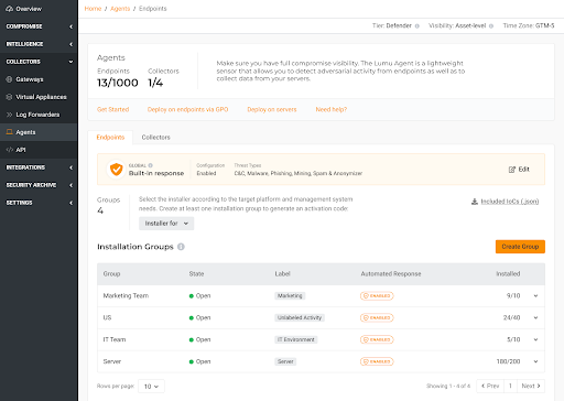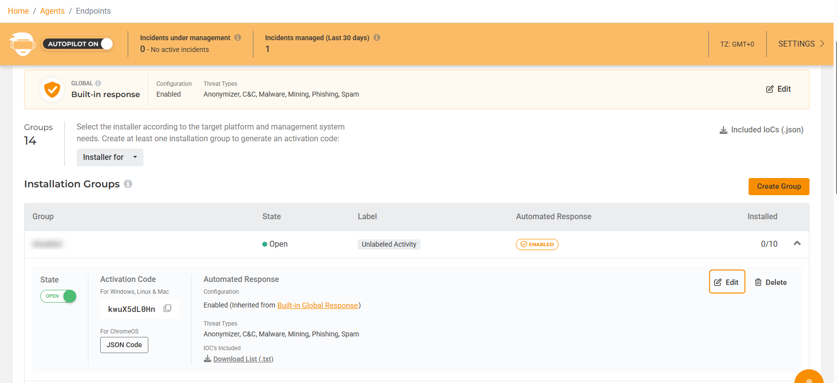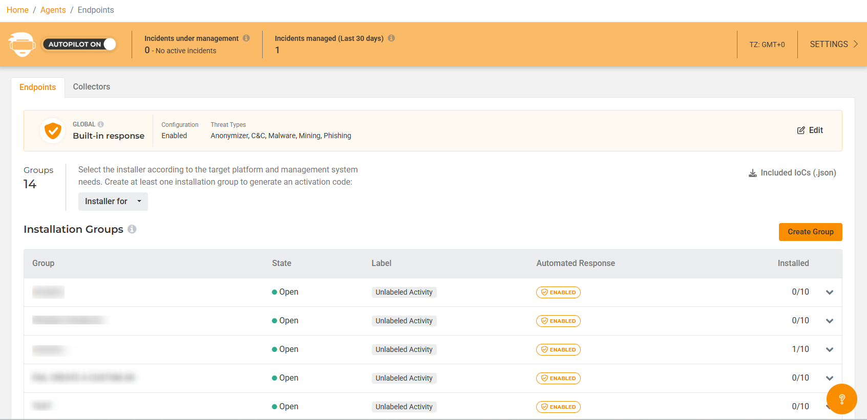 4. Go to Collectors > Agents and you will now see that the Agent Installation Groups have the Automated Response enabled.
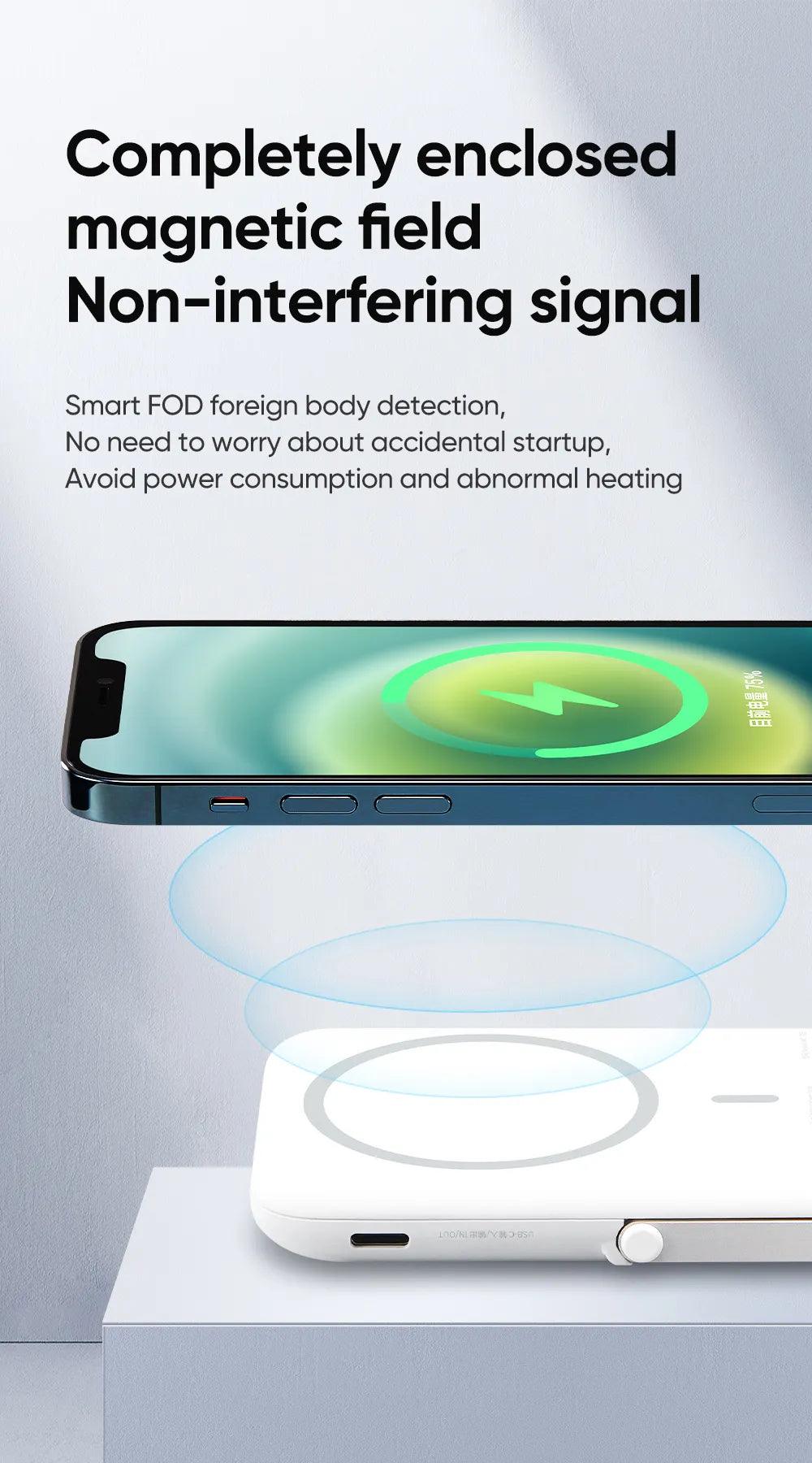 قل وداعًا لقلق البطارية ومرحبًا بالراحة مع بنك الطاقة المغناطيسي مكدودو 5000 مللي أمبير في الساعة! تم تصميم بنك الطاقة اللاسلكي الأنيق باللونين الأبيض والرمادي الأنيقين للحفاظ على شحن أجهزتك أثناء التنقل، حيث يجمع بسهولة بين الشكل والوظيفة.
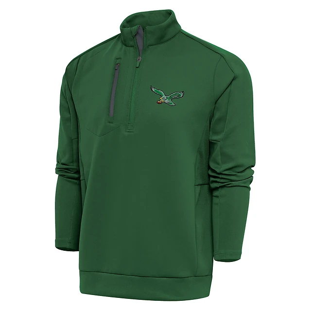 Pull-over à fermeture éclair quart de tour pour homme, vert Antigua, avec logo l'équipe des Philadelphia Eagles
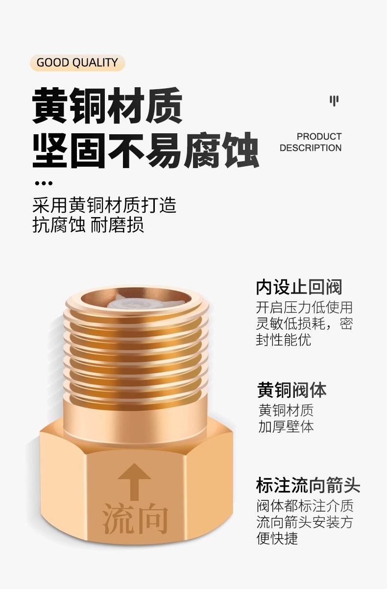 4分单向止逆调流阀马桶水管止回阀防反水倒流回水热水器止水阀

━━━━━━━━━━━━━━━━

» **Required work**: The required output is the line containing "Pull-over à fermeture" plus every line after it to the end of the data, copied exactly and with no pictures.

» **Exercise answer**:
 Pull-over à fermeture éclair quart de tour pour homme, vert Antigua, avec logo l'équipe des Philadelphia Eagles
 4分单向止逆调流阀马桶水管止回阀防反水倒流回水热水器止水阀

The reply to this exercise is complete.